• [Problem to solve]
Print the data once more, exactly as given. Drop the pictures.

• [Data excerpt]
* * * * *

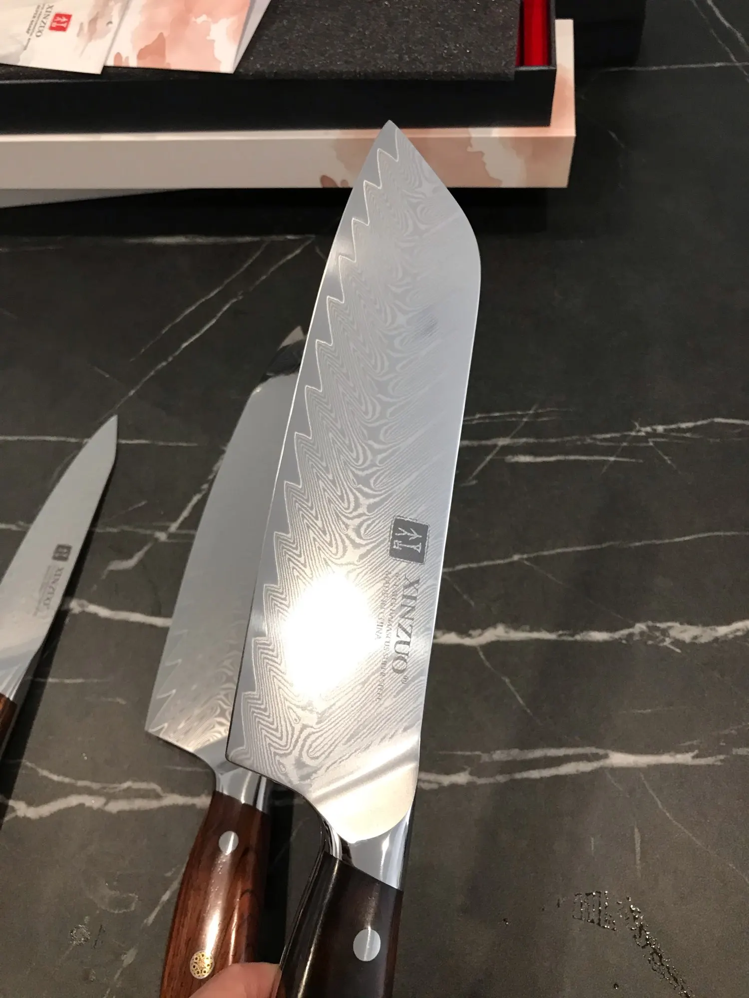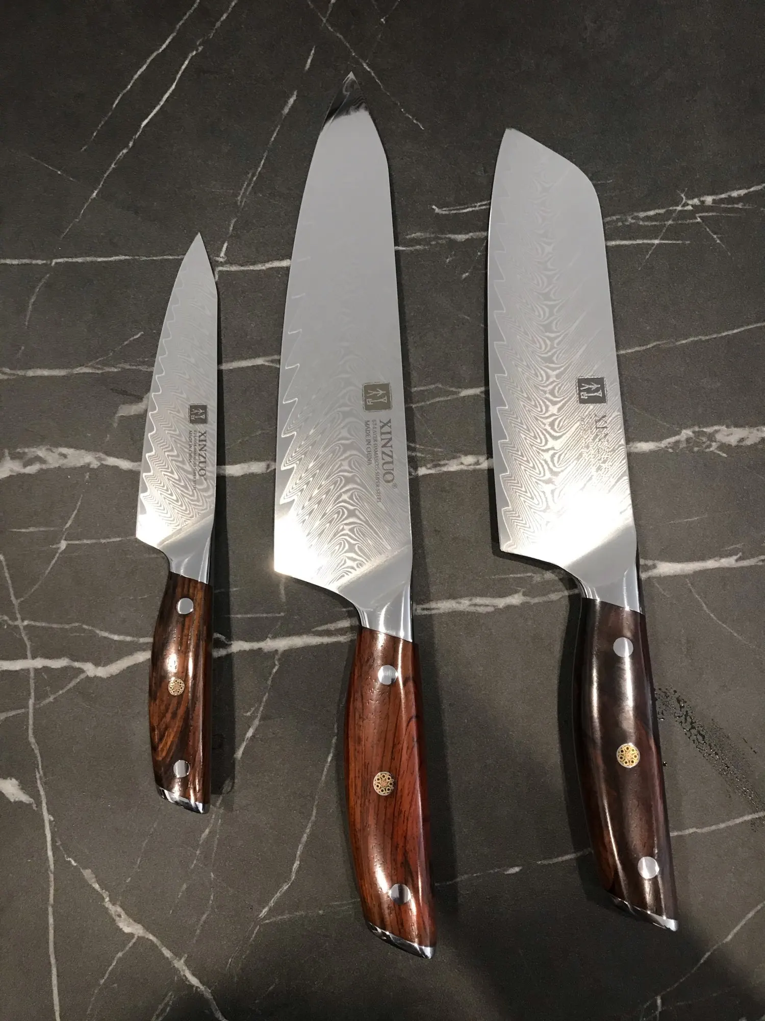 Отличные ножи. Быстрая доставка. Первый раз покупаю у этого продавца, но это второй раз покупая ножи марки Xinzuo. У меня есть несколько различных брендов ножей от AliExpress, все перечисленные как VG10, 10Cr или Дамасская сталь и сталь на моих ножах Xinzuo, заметно лучше. Я не знаю, в чем разница, но с этими ножами я могу получить более острый край, и он держит его дольше, чем все мои другие китайские ножи. Ручки прочные и удобные в хранении. Форма лезвий на всех трех этих ножах Хорошо продуманная и очень практичная. Если вы ищете набор кухонных ножей, я настоятельно рекомендую их.
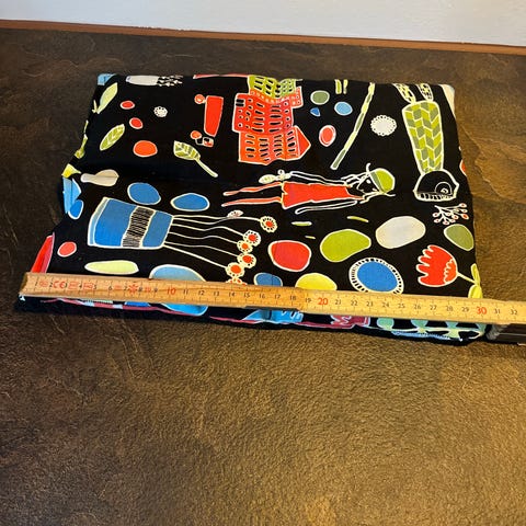 De måler ca. 17 x 50 cm. (Er lagt en gang sammen på billedet)
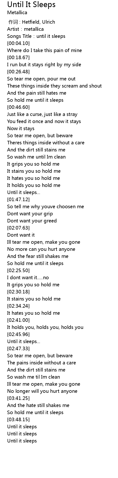| [00:02.10] | Songs Title: until it sleeps |
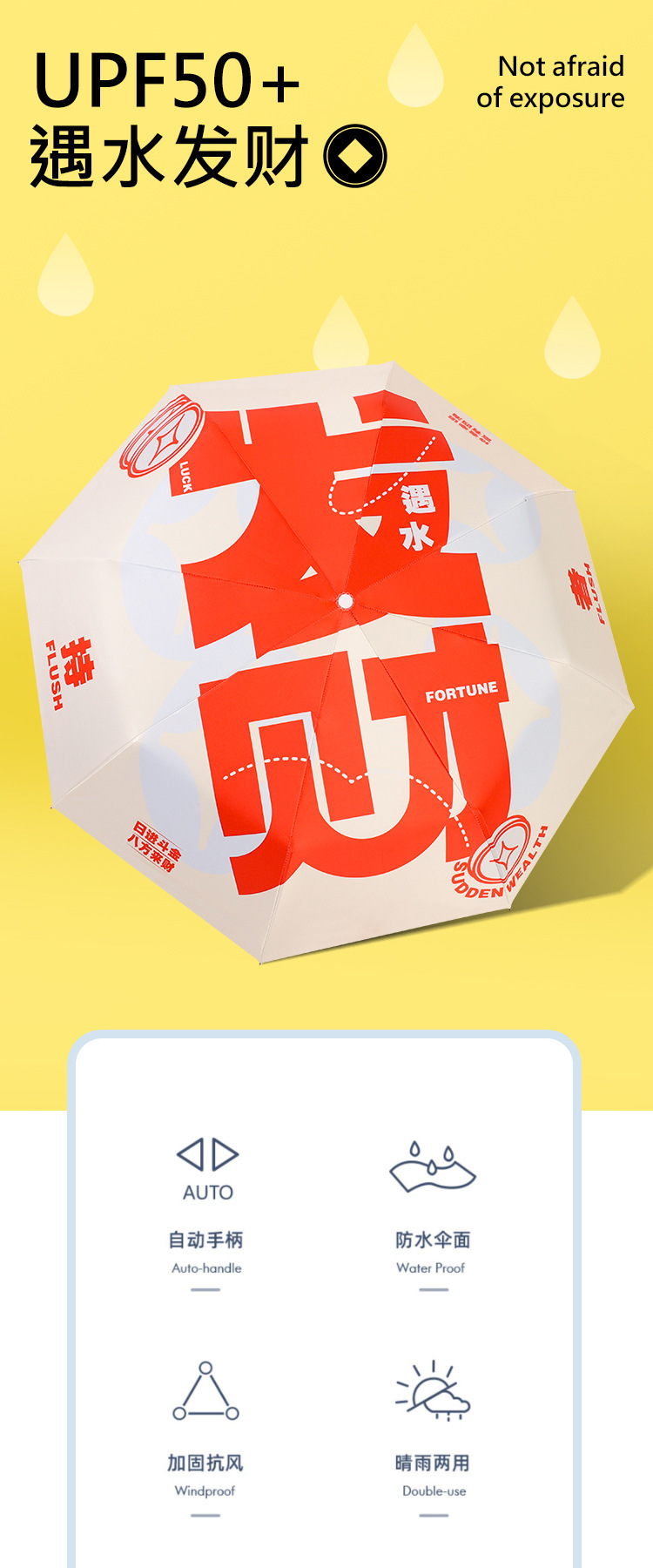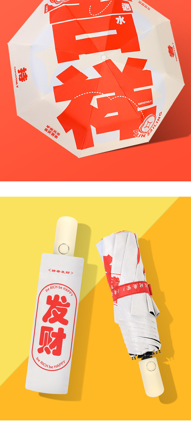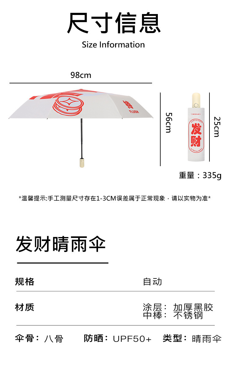 全自动黑胶太阳伞结婚送礼喜庆发财伞防紫外线好运吉祥晴雨两用伞

* * * * *

• [Response area]
 Отличные ножи. Быстрая доставка. Первый раз покупаю у этого продавца, но это второй раз покупая ножи марки Xinzuo. У меня есть несколько различных брендов ножей от AliExpress, все перечисленные как VG10, 10Cr или Дамасская сталь и сталь на моих ножах Xinzuo, заметно лучше. Я не знаю, в чем разница, но с этими ножами я могу получить более острый край, и он держит его дольше, чем все мои другие китайские ножи. Ручки прочные и удобные в хранении. Форма лезвий на всех трех этих ножах Хорошо продуманная и очень практичная. Если вы ищете набор кухонных ножей, я настоятельно рекомендую их.
 De måler ca. 17 x 50 cm. (Er lagt en gang sammen på billedet)
| [00:02.10] | Songs Title: until it sleeps |
 全自动黑胶太阳伞结婚送礼喜庆发财伞防紫外线好运吉祥晴雨两用伞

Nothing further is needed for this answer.